The director told EW,

"Honestly, there’s an issue at the moment where there’s a lot of people being accused of things, they’re being accused by multiple victims, and it’s compelling and frightening. With Johnny, it seems to me there was one person who took a pop at him and claimed something."

Yates' statement alludes to the multitude of sexual harassment claims recently made against public figures, both in the entertainment industry and political realms, but to suggest that Depp's alleged assault is somehow less important than the others because only one woman came forward completely misses the point.

Continuing to dismiss women's isolated claims that a person committed any kind of abuse only allows men like Harvey Weinstein to get away with their alleged crimes until finally enough women gather together to publicly claim that someone assaulted them. If a group of women is to be believed, then a single woman also needs to be believed, as every single instance of assault is equally deserving of an investigation. For Yates to say that Heard — ironically — "took a pop at him and claimed something," suggests that her claims were both false and trivial.

But wait, it gets worse. As if taking a wand and proclaiming "stupefy," Yates went on to defend Depp by suggesting that he doesn't believe Heard's accusations against his friend. "By testament, some of the women in [Depp’s] life have said the same thing — ‘that’s not the human being we know,'" Yates said, sounding like the 36 female cast members of SNL who wrote a letter defending Al Franken amidst claims that the senator committed sexual misconduct. On Sunday, Franken responded to the four accusations of sexual misconduct made against him, saying he felt "embarrassed" and "ashamed," according to The Washington Post. Franken added, "We have to listen to women and respect what they say."

Yates, on the other hand, suggested that listening to the women protesting Depp's involvement in the Fantastics Beasts sequel is not necessary. “It’s very different [than cases] where there are multiple accusers over many years that need to be examined and we need to reflect on our industry that allows that to roll on year in and year out. Johnny isn’t in that category in any shape or form," the director told EW. "[T]o me, it doesn’t bear any more analysis," Yates added.

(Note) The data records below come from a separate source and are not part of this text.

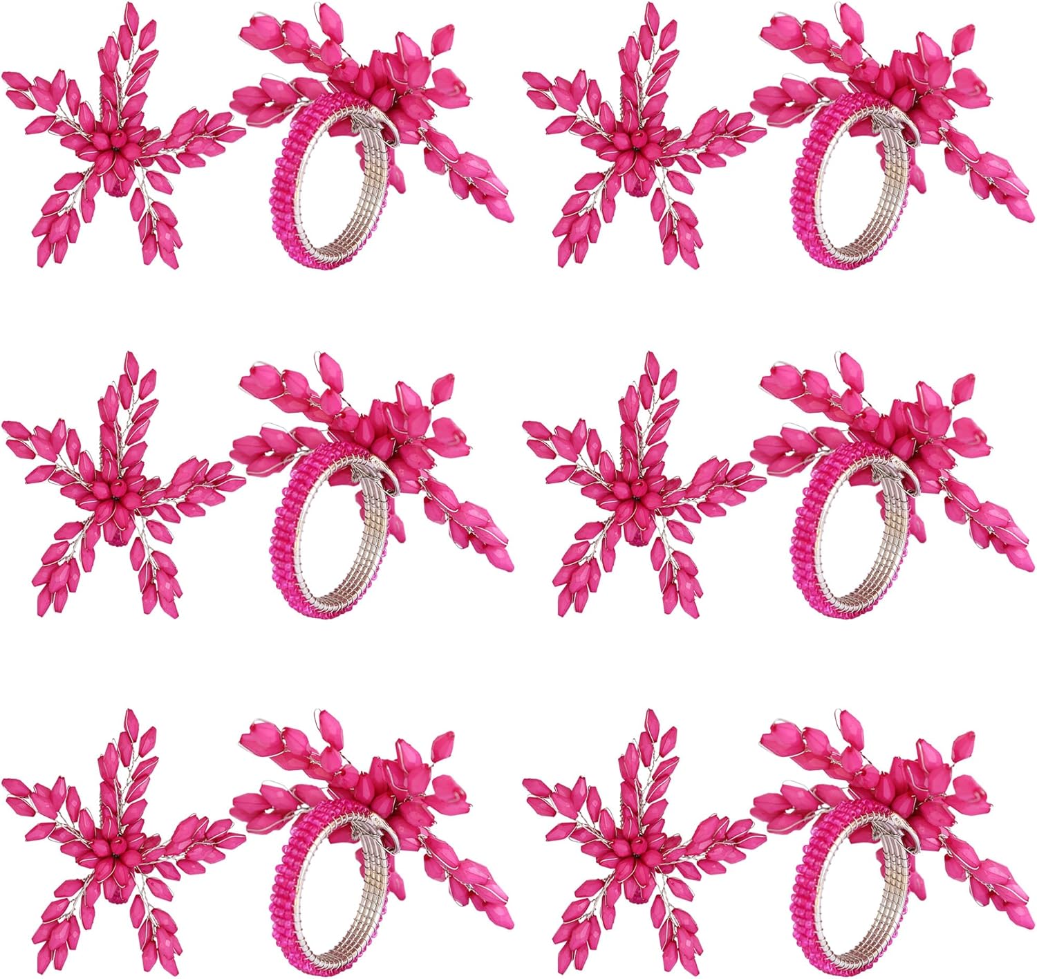 Napkin Rings Set of 12 for Dining Table Decoration Parties Everyday Metal Napkin Holder Leaf Pink (Pack of 12)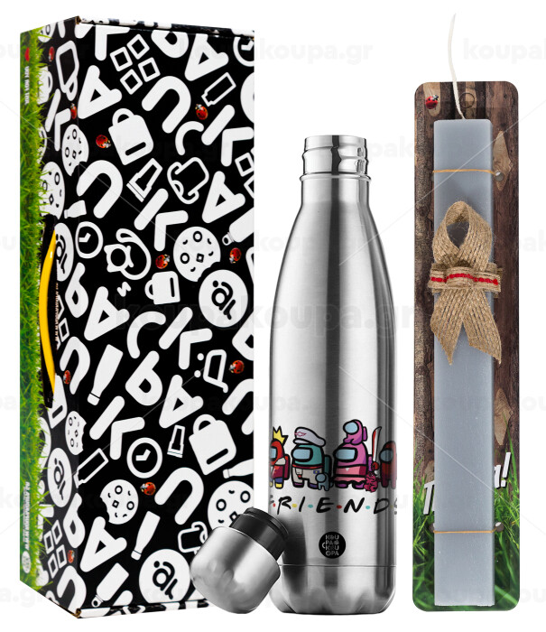 Among US Friends, Πασχαλινή Λαμπάδα με μεταλλικό παγούρι θερμός ανοξείδωτο (500ml) & κερί αρωματικό πλακέ (30cm) (ΓΚΡΙ)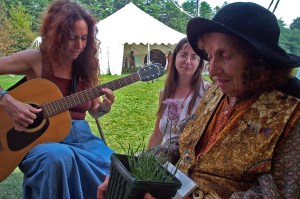 | Alicia serenades legendary herbalist Juliette de Bairacli-Levy at the New England Womens Herbal Conference, August, 2000. |

Just because Depp doesn't fit the "category" of men in Hollywood with multiple accusers of assault doesn't mean that he is innocent. It would have been one thing if Yates had acknowledged the gravity of Depp's alleged behavior, but instead he echoed the tune frequently sung by friends of men who have been accused of assaulting women, and it doesn't sound good.

For many fans of Harry Potter, the news that someone accused of domestic abuse will join their beloved fictional world could ruin the magic. The fact that the director of the series hasn't shown any empathy to the backlash will likely only turn fans further away from the upcoming installment, set to hit theaters Nov. 16, 2018. Hopefully before then, fans will get some acknowledgement that their disapproval of Depp was received.